### Assignment:
Look below for the line containing "This work develops" and the line containing "Em seu pronunciamento, o"; repeat exactly those two lines and all lines between them, and nothing else.
===== Input data
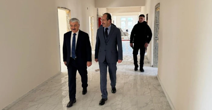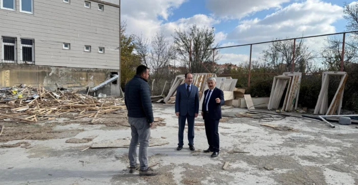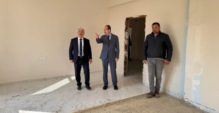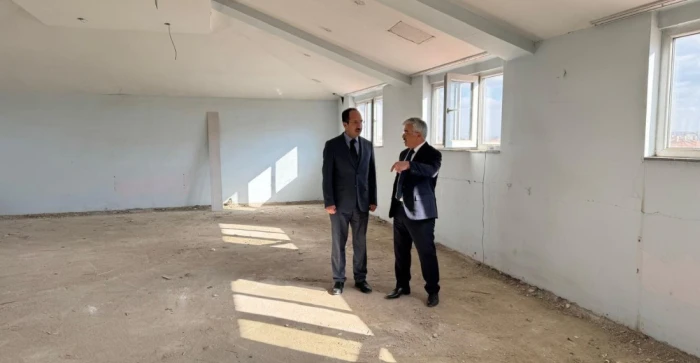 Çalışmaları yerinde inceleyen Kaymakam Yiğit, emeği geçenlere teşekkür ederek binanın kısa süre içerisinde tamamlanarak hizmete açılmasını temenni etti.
==========
===== Input data
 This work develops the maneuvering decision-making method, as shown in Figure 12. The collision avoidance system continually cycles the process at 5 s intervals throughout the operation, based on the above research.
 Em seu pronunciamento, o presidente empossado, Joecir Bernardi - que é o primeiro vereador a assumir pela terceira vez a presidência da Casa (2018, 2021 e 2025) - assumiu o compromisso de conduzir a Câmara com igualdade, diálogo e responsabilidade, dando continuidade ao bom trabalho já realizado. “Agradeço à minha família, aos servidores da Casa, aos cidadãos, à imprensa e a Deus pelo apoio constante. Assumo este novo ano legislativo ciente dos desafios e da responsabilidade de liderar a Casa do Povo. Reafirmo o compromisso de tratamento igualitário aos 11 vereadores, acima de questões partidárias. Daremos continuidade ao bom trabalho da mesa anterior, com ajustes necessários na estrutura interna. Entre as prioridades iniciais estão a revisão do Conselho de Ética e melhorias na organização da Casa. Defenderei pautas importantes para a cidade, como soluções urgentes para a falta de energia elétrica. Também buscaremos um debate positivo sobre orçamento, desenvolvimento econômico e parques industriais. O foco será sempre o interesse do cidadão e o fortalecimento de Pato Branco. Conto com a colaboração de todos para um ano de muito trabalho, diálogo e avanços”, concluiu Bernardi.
==========
### Output of the exercise:
 This work develops the maneuvering decision-making method, as shown in Figure 12. The collision avoidance system continually cycles the process at 5 s intervals throughout the operation, based on the above research.
 Em seu pronunciamento, o presidente empossado, Joecir Bernardi - que é o primeiro vereador a assumir pela terceira vez a presidência da Casa (2018, 2021 e 2025) - assumiu o compromisso de conduzir a Câmara com igualdade, diálogo e responsabilidade, dando continuidade ao bom trabalho já realizado. “Agradeço à minha família, aos servidores da Casa, aos cidadãos, à imprensa e a Deus pelo apoio constante. Assumo este novo ano legislativo ciente dos desafios e da responsabilidade de liderar a Casa do Povo. Reafirmo o compromisso de tratamento igualitário aos 11 vereadores, acima de questões partidárias. Daremos continuidade ao bom trabalho da mesa anterior, com ajustes necessários na estrutura interna. Entre as prioridades iniciais estão a revisão do Conselho de Ética e melhorias na organização da Casa. Defenderei pautas importantes para a cidade, como soluções urgentes para a falta de energia elétrica. Também buscaremos um debate positivo sobre orçamento, desenvolvimento econômico e parques industriais. O foco será sempre o interesse do cidadão e o fortalecimento de Pato Branco. Conto com a colaboração de todos para um ano de muito trabalho, diálogo e avanços”, concluiu Bernardi.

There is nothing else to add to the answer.